By DYLAN LATORE – Once again we approach the time of year where Valentine’s Day is waiting just around the corner, possibly armed with a baseball bat and a fresh can of pepper spray to destroy your romantic hopes and dreams. But, this is exactly the attitude that deters most teen romantics from spilling their heart out onto a poorly cut construction paper heart attached to a crumpled, love themed, fun-size pack of M&M’s™ candy.
Nevertheless, there have got to be ways to overcome your fears and win the heart of that special someone. So put your feet up, throw on some music to set the mood, and take notes.
First off, confidence is key. But, before you come swinging from the rafters, armed only with an adult diaper, a bow, and actual lethal arrows that you have attached hearts to the end of, remember to keep it to a reasonable level. While of course, you don’t want to fearfully squeak out every word of your proposal, and then visually cringe while awaiting the response; you also don’t want to come off as a jerk. If the ‘I don’t care’ attitude is your way of enticement, then why should the other party member care as well? But hey, if you are familiar enough with your valentine candidate to know that wearing a diaper and swinging from the rafter would work, then go for it. But if not, then consider keeping it on the safe side of things.
Personalization, personalization, personalization. While I’m in no way saying that your cardstock valentine of Lightning McQueen saying, “You make my heart go Ka-Chow!” isn’t a winner, you may want to consider making the valentine more personalized. Seeing that you put a bit of thought into it can go a long way. Once again though, don’t go overboard. While making a pun out of their social security number and their mother’s maiden name might seem like a good idea in your head, it probably won’t be received the way you hoped it might.
Know what tone to go for. What I mean by this is decide whether to keep it lighthearted and maybe even humorous, or heartfelt, poetic, and sappy. It’s definitely hard to not puke up your feelings like word vomit at a moment’s notice, but if your valentine candidate is only mildly acquainted with you, receiving a poem discussing the floorplan of your future child’s bedroom can be very off-putting. So make sure you know the person you plan on pursuing this Valentine’s Day, and decide what kind of tone would be best.

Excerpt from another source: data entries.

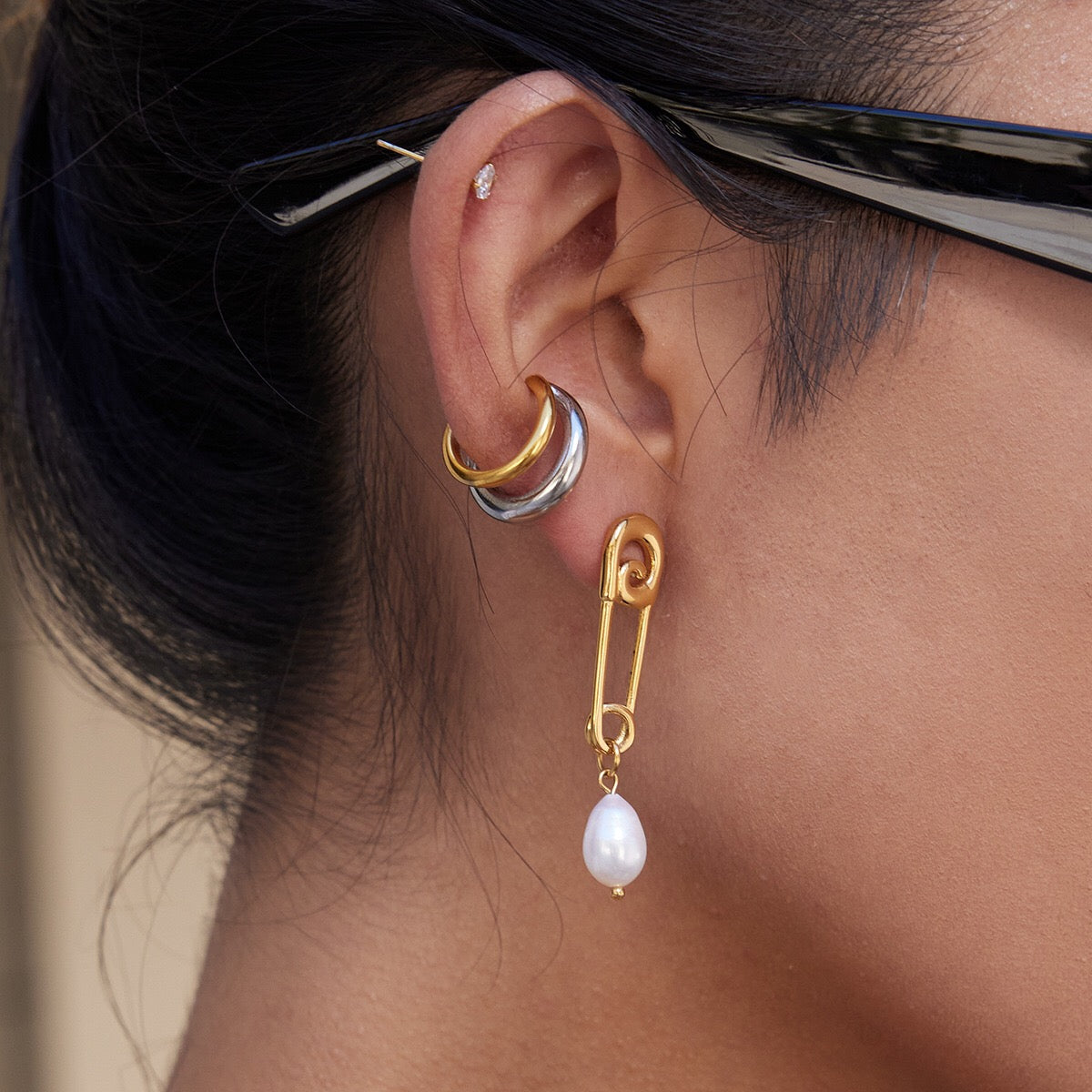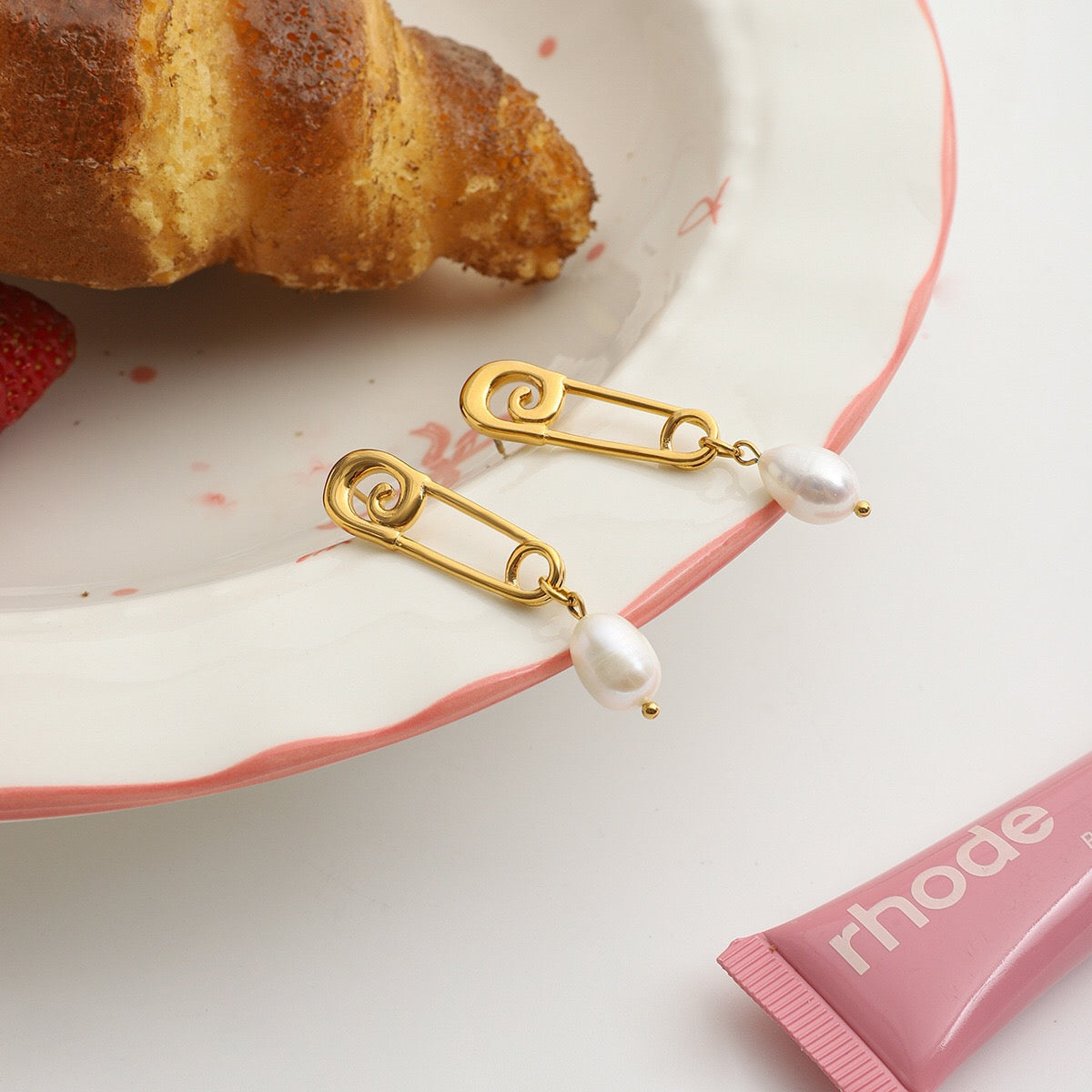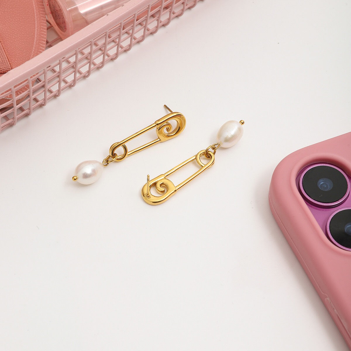 Add a dash of edge and elegance with these 18K Gold Safety Pin Pearl Statement Dangle Stud Earrings. Waterproof and tarnish-free, they keep your style shining no matter the adventure. Perfectly playful and a must-try for fashion lovers, they make an unforgettable gift for your girlfriend. Elevate every look and shop now to sparkle with confidence!
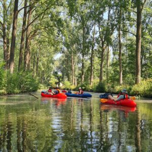 Packraftervaring heb je niet nodig. We geven je alle uitleg en begeleiding zodat je veilig en met vertrouwen het water op kunt. Maar de nadruk ligt niet op techniek — wel op het ervaren. Op rust vinden in beweging.
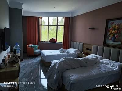 早上起来,两张床,一张1.8*2m的,一张1.2*2m的,适合一家三口。
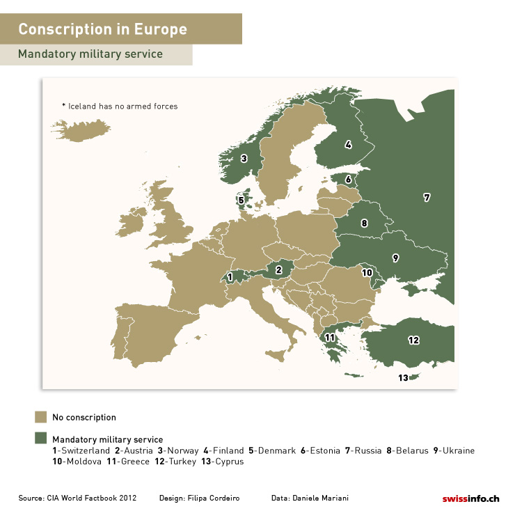 Mandatory military service has become the exception in Europe in recent years. The map shows Switzerland and Austria are at odds with most of Western Europe.
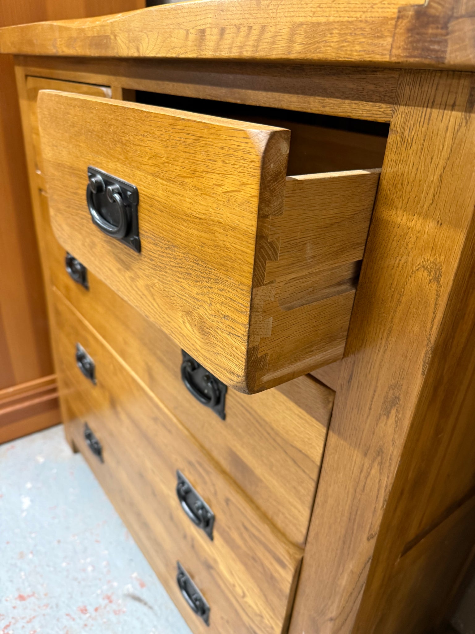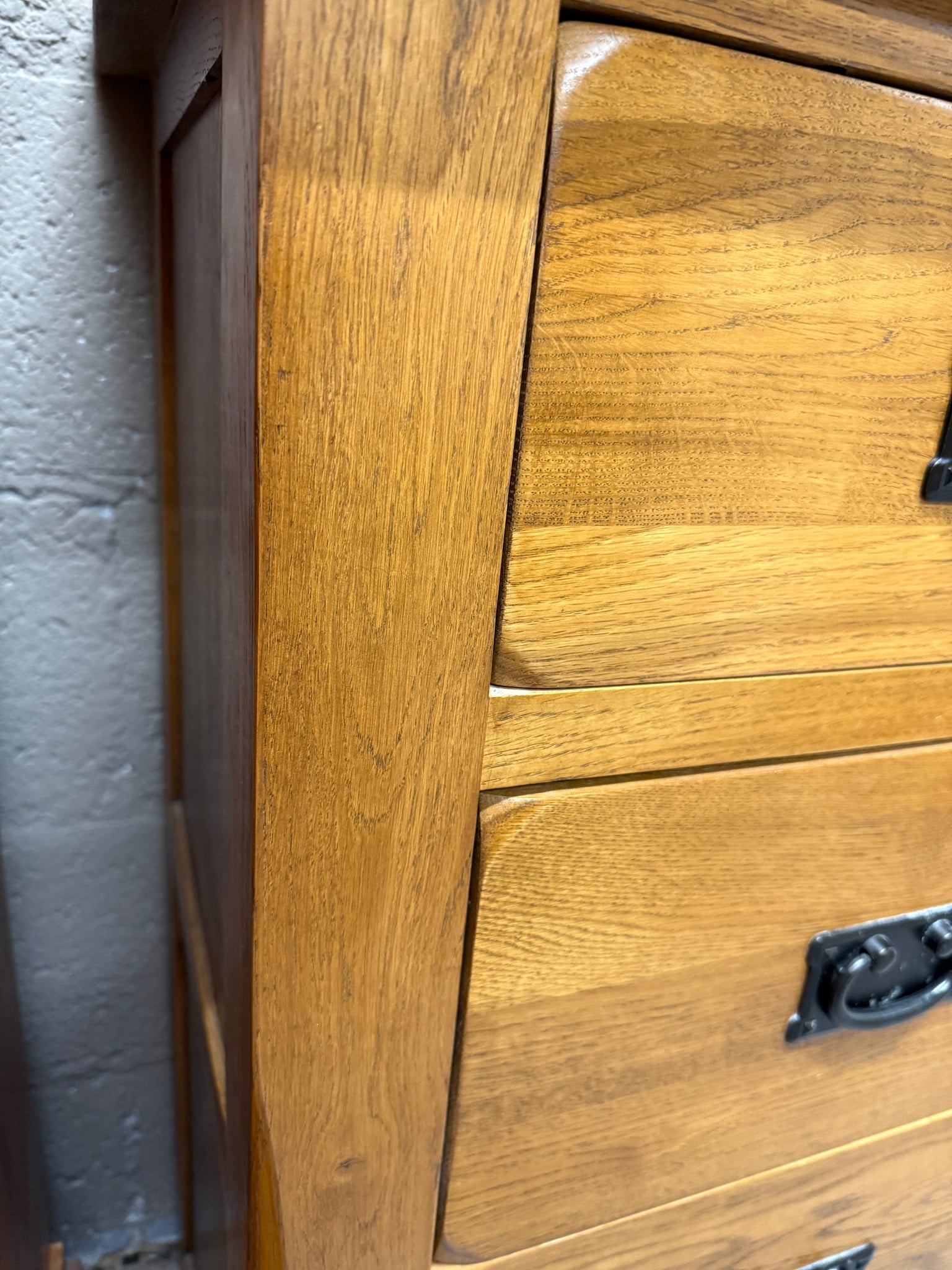 This beautiful oak chest of drawers from Oak Furniture Land is sturdy and in generally great shape. It shows some marks, mostly on the top, but these do not impact its functionality. The chest features two smaller dovetail-jointed drawers above three larger ones, combining style with practical storage.

Lastly, there is always the possibility of rejection. The sinister demon that always sits in the back of your head every time you think about making a risky move. The worst thing that could possibly happen is that they say no. Even on top of that, hardly anybody would be rude about rejecting someone in the first place. It’s flattering! If your valentine candidate’s rejection is rude, then you are the lucky one for not getting stuck with someone as empathetic as a rock. So this Valentine’s Day, suit up in red, pop your chalky heart candies like breath mints, and keep all of this in mind when asking that special someone, “Will you be my valentine?”